Выбрать главу

Внезапно выстрелы закончились. Через некоторое время явственно слышится полный боли и безысходности человеческий крик и его обрывает глухой рёв.

— Медведь, — свистящим шёпотом произносит тесть и зачем-то протирает рукой пистолет.

Я содрогаюсь, хищник вновь напал на людей. Теперь очевидно, медведь включил человека в свой рацион — он стал типичным людоедом. Как некстати вспоминаю нашу вылазку к валунам, где мы спасли женщину с детьми, ясно вспоминаю разбросанные человеческие останки, холод сковывает сердце, голову сжимает словно обручем — ни за какие уговоры не пойду вновь…

— Их выгнало нечто серьёзное, придётся глянуть, — поскрёб длинную бородку Аскольд, искоса поглядывая на мою нерешительную физиономию.

— Это опасно, — прицельно смотрит на нас капитан первого ранга, — возьми пистолет, — и протягивает его мне.

— А смысл? От копья толку больше, лучше оставь его для людей, — тягостно вздыхаю я и с укором бросаю взгляд на невозмутимого Аскольда, который, как мне показалось, едва заметно усмехнулся.

— Будьте осторожны, часа два назад какие-то люди, что-то скидывали на тропу, предупреждает тесть.

— Интересно, — Аскольд насторожился и раздувает ноздри, а я знаю, это так проявляется у него в высшей степени недоумение.

— Что скидывали? — не понял я.

— Мы не смотрели, решили подождать до утра.
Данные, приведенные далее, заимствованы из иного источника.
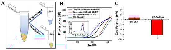 (A) A diagram of the supernatant and precipitate from the enrichment system. (B) Fluorescence signals from real-time PCR analyses of amplified DNAs extracted from the supernatant and precipitate following E. coli enrichment (CFU 104, 1 mL) using a Qiagen kit (100 μL of the tested sample). The inset figure shows the melting-curve plots representing the amplification products from the systems. Black line—104 CFU in 100 μL as a positive control; red line—supernatant with CB–DA addition, 100 μL; blue line—enrichment from CB–DA (100 μL of precipitate); and green line—distilled water (DW) as a negative control. (C) Zeta potential-based comparison of the nucleic acid capture efficiencies of the composites, i.e., DA-DNA and CB-DA-DNA.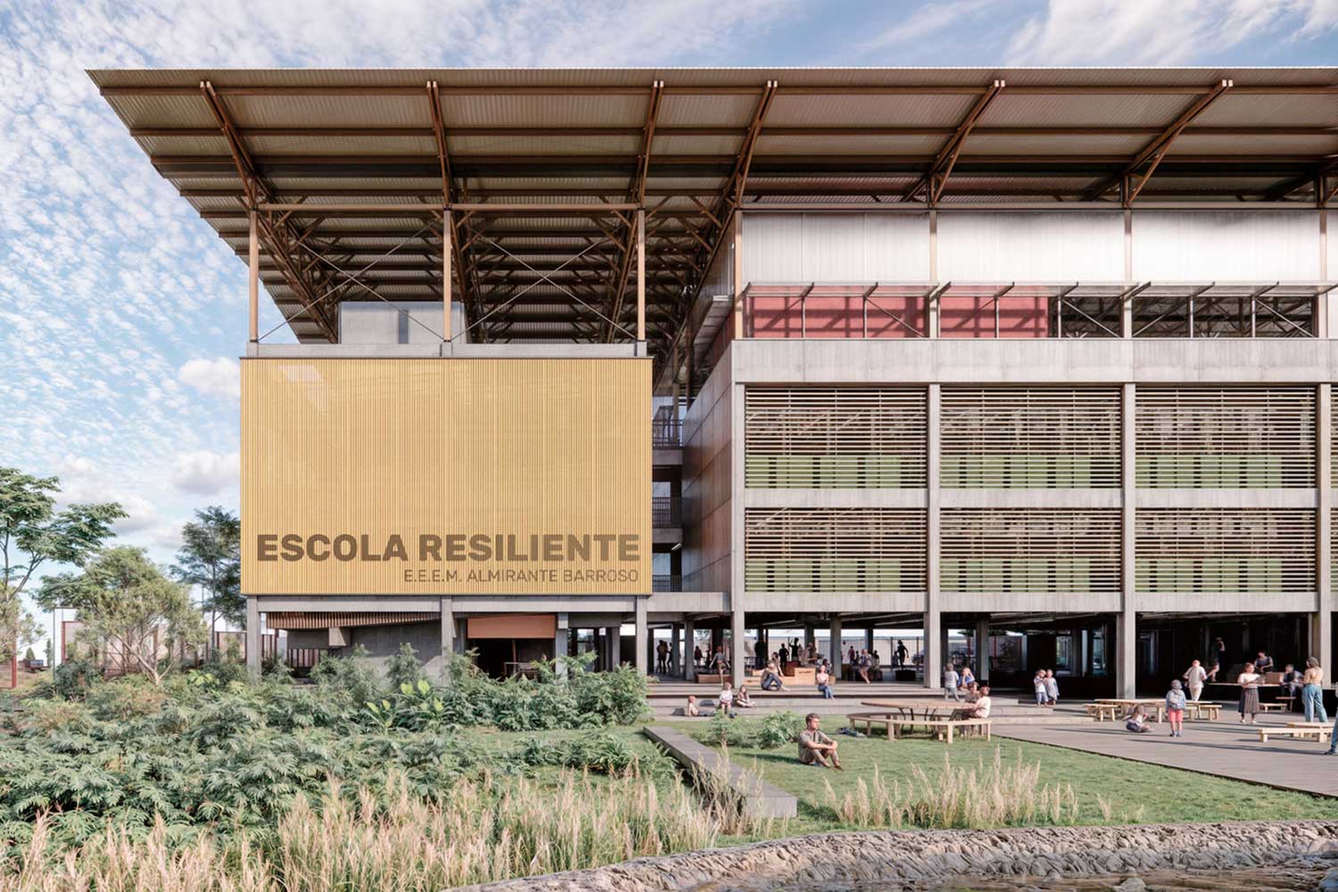 این پروژه الگویی نو برای زیرساخت آموزشی عمومی در مناطق سیلابخیز آمریکای لاتین ارائه میدهد؛ الگویی که «همراه با طبیعت» طراحی میشود، نه در برابر آن. کلاسها، آزمایشگاهها و کتابخانهها در تراز بالاتر ساخته میشوند و طبقهی همکف سیلگیر به زمینبازی و فضای ورزشی روباز تبدیل میشود. تراس سایهدار بام، فضای آموزشی بیرونی فراهم میکند و در مواقع بحرانی، نقش پناهگاه اضطراری برای جامعهی پیرامون را ایفا میکند. بهرهگیری از مصالح محلی و راهکارهای غیرفعال، این طرح را به الگویی مقیاسپذیر و سازگار برای مدارس تابآور در برابر تغییرات اقلیمی تبدیل کرده است. “داوران اشاره کردند که چگونه مداخلات سادهی طراحی میتواند با ظرافت مشکلات پیچیده را حل کند—رویکردی که احتمالاً الهامبخش بسیاری از شهرهای آسیبپذیر خواهد بود. اثبات اینکه یک مدرسهی ساده میتواند هوشمندانه با واقعیتهای اقلیمی تطبیق یابد، این پروژه را به نقشهای قابل انتقال برای ساختوساز پایدار در سراسر منطقه بدل کرده است. هیئت داوری همچنین تمرکز پروژه بر آموزش عمومی و نقش الهامبخش آن برای دانشآموزان را برجسته کرد.”

Кто его знает, зачем люди бродят по ночам, — тесть подбросил поленце в костёр, — на звук, какие-то мягкие предметы, похоже на куски мяса.

— Забавно, — вздёргивает бородку Аскольд, а черты лица разглаживаются. Он с пренебрежением хмыкает, с лёгкостью вонзает копьё в землю, смотрит в темноту, деланно зевает.
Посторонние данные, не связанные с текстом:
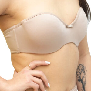 Sutiã tomara que caia, barbatanas laterais para melhor sustentação, costas mais altas e opções de alças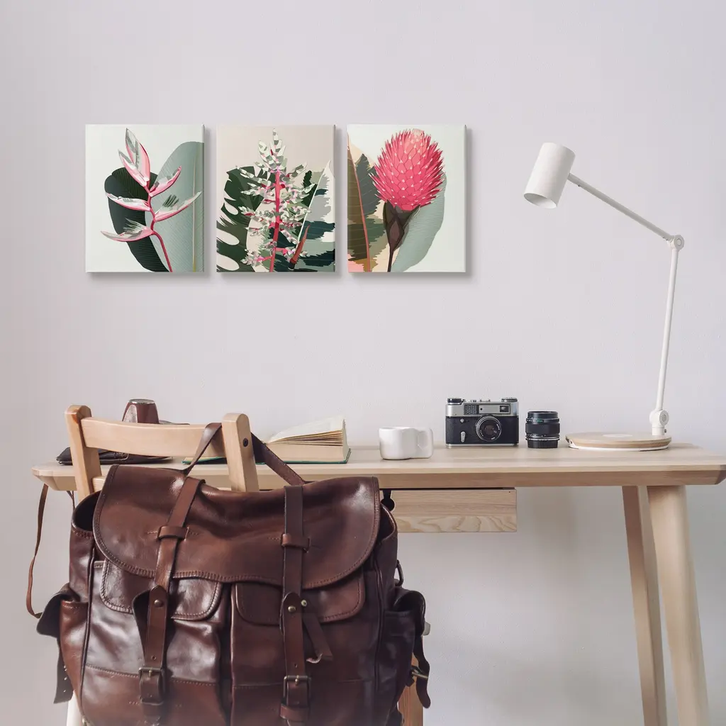 Fill any space with Stupell Wall Art Sets. We create our stretched canvas to the highest standards. Using only the highest quality inks and canvas on Mimaki printers, we hand-cut and stretch each piece over a 1.5-inch thick wooden frame for hanging. As a result, the art comes ready to hang on the sturdy ledge with no installation required. Stupell Wall Art is made in the USA.Features: Dimensions: 3 Piece Set, Each Panel is 11 x 1.5 x 14 InchesThree Piece Canvas Set Sizes Include Standard: 3pc, Each is 11 x 1.5 x 14 Large: 3pc, Each is 16 x 1.5 x 20 Oversized: 3pc, Each is 24 x 1.5 x 30Wall Art is Ready to Hang with Hardware Free Hanging. No installation required. For Easy Set Up Lean or Layer Artwork on Shelf or Against Wall.Our stretched canvas is created with the highest standards. We use only the highest quality inks and canvas on our in house Mimaki printers, and then hand cut and stretch each piece over a 1.5 inch thick wooden frame for hanging. Made In USA.Artwork Relates To: Flower, Plant, Bud, Sprout, Tropical, Plant, BotanicalDesign by Ros Ruseva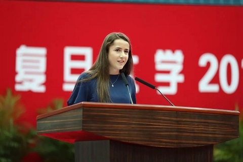 来自斯洛伐克的中国语言文学系研究生浦晓莉也作为获奖学生代表进行了分享。从对汉语言文字的求索钻研,到对中国文化的喜爱,到融入中国当地的社会生活,得益于亲人的鼓励、师长的指导,还有国家和学校的支持,来到中国,来到复旦,她的世界越来越大。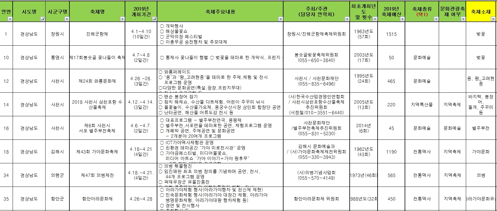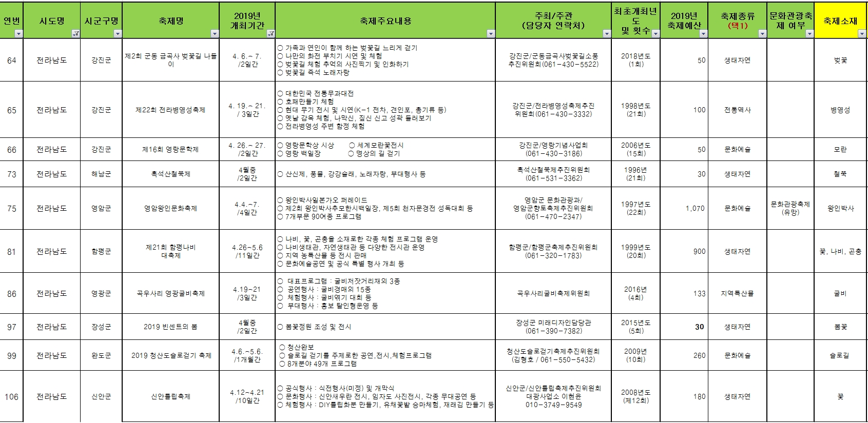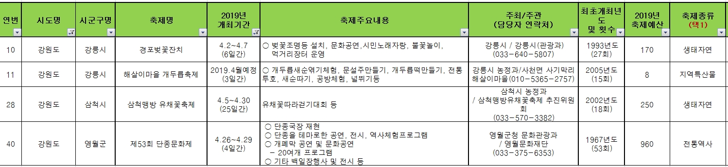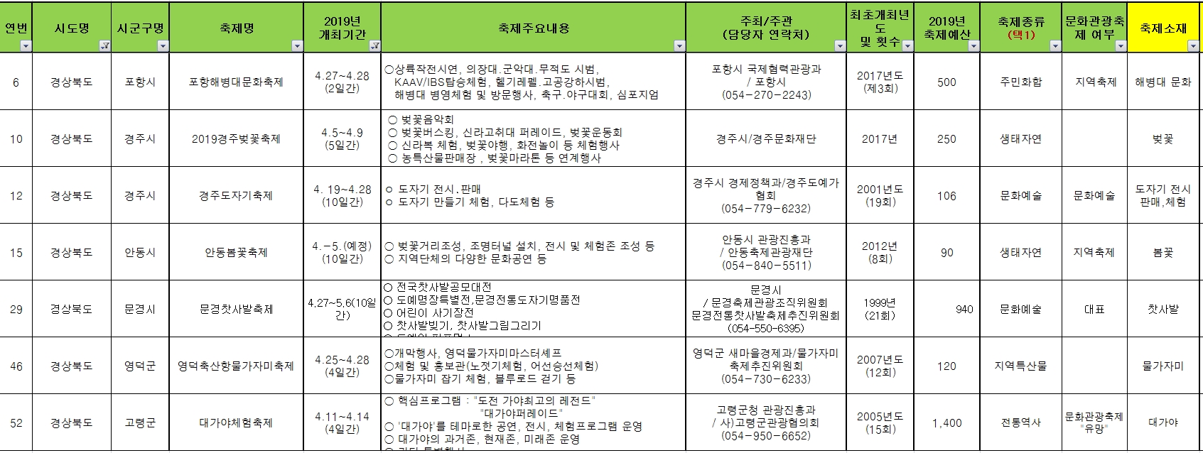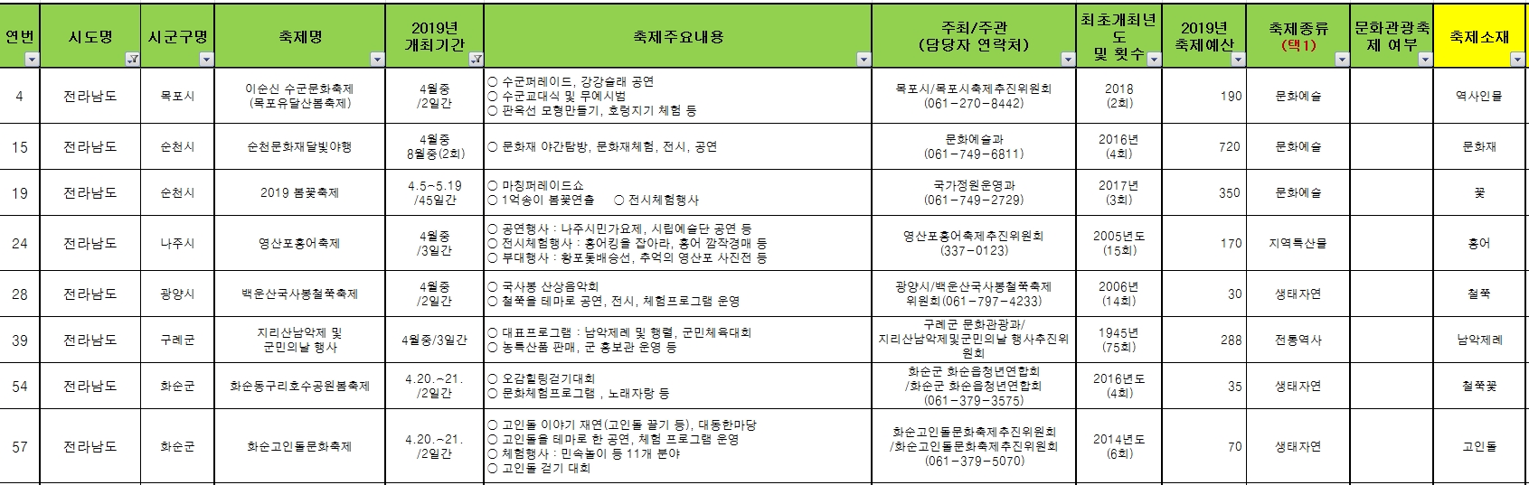 아래 자료는 문화체육관광부 홈페이지에서 다운 받아 4월달 축제만 정리한 자료입니다.

— У тебя, по этому поводу, есть соображения? — обращаюсь я к нему.

— Вероятно, да. Мы сильно разозлили ребят Вилена Ждановича, а они так прочно обосновались на берегу, часть народа лихо взяли в оборот. Для них ловят рыбу, дерут со скал моллюсков, одним словом, ударными темпами создают пролетариат… или рабов, пока не сильно вдавался в подробности, и к нам уже подбирались, но в нашем лагере скопилось достаточно крепких мужчин, отогнали и даже кому-то наваляли по шее. Хлопчики просто взбесились, они давно отвыкли от подобного отношения. В прежней жизни, от одного лишь их взгляда, простой обыватель мочился в штаны, а сейчас — без раздумий — в морду. Народ можно понять, после стольких стрессов слетает с катушек, чуть задень, взрываются. Вот так, одного из телохранителей Вилена Ждановича, с тропы спустили, а кто-то его ещё и дерьмом обмазал и всё отчего, тот, просто безобидно обмолвился, что женщинами надо поделиться, у них якобы мало, — Аскольд неожиданно беззвучно смеётся, словно всё это для него забава. Я дико глянул на него, с удивлением спрашиваю: — Это всё произошло, когда я с Семёном бродил по лесам? — Он дурашливо кивает, лицо у него простое-простое, но в глазах я замечаю такой лёд, что внутренне содрогнулся, а он дружески хлопает меня по плечу: — Идём, или как?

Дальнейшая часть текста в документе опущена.